----- Supplied information -----
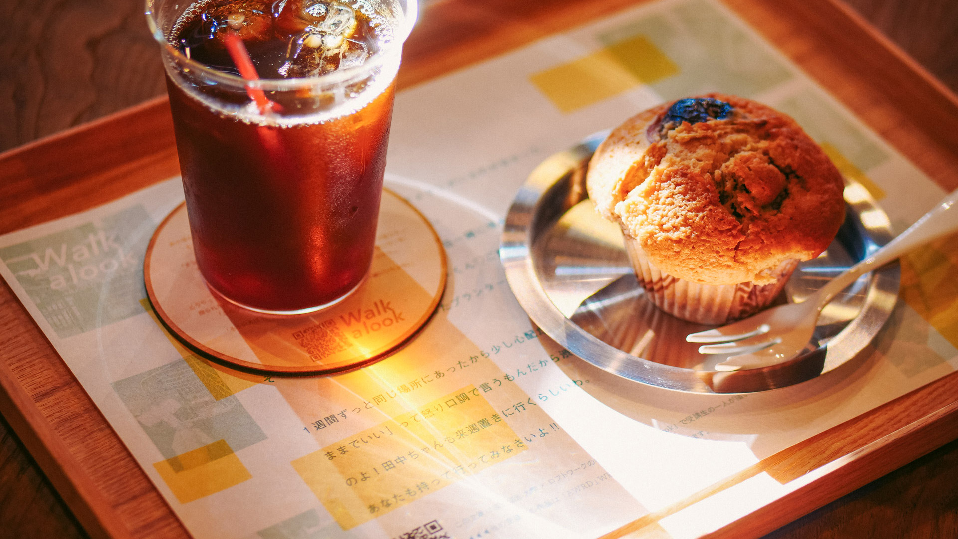 FabCafe Kyotoでは、2021年9月から「FabCafe Kyotoのおやつ」を始めました。画像のメニューは、ダークチェリー&バニラマフィンとFabCafe Kyotoオリジナルブレンドのコーヒーです。店頭では、マフィンやクッキー・プリンなどの焼き菓子を、おやつディレクターが気まぐれでご用意しています。
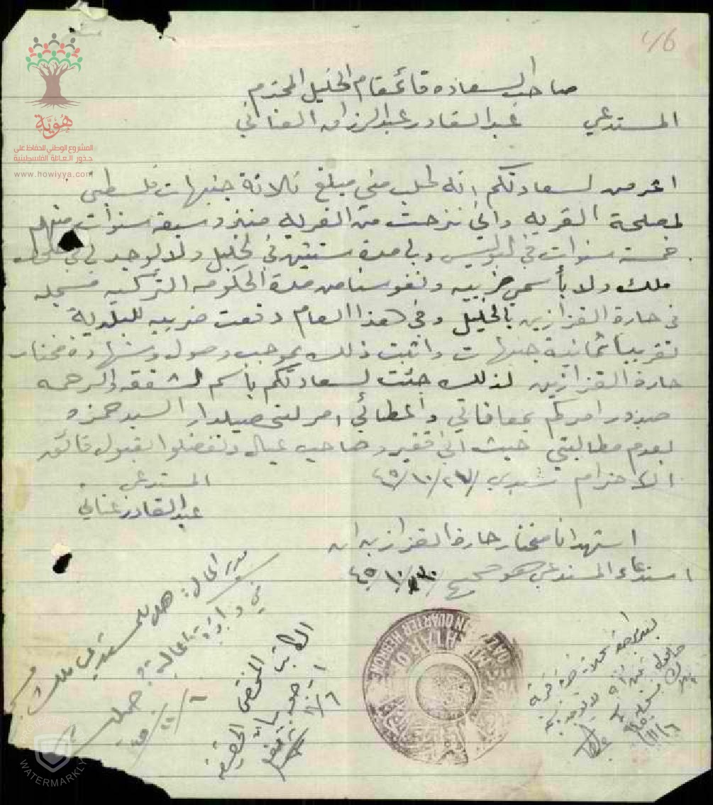 عبدالقادر يطلب اعفاءه من الضريبة في حلحول لأنه يدفع في الخليل ويشهد على ذلك مختار حارة القزازين في الخليل
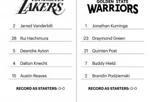 湖人:里夫斯、克內(nèi)克特、八村塁、范德比爾特、艾頓;
-----
• [Activity] What is needed is an exact copy of the data, with the pictures removed.

• [Reply]
 FabCafe Kyotoでは、2021年9月から「FabCafe Kyotoのおやつ」を始めました。画像のメニューは、ダークチェリー&バニラマフィンとFabCafe Kyotoオリジナルブレンドのコーヒーです。店頭では、マフィンやクッキー・プリンなどの焼き菓子を、おやつディレクターが気まぐれでご用意しています。
 عبدالقادر يطلب اعفاءه من الضريبة في حلحول لأنه يدفع في الخليل ويشهد على ذلك مختار حارة القزازين في الخليل
 湖人:里夫斯、克內(nèi)克特、八村塁、范德比爾特、艾頓;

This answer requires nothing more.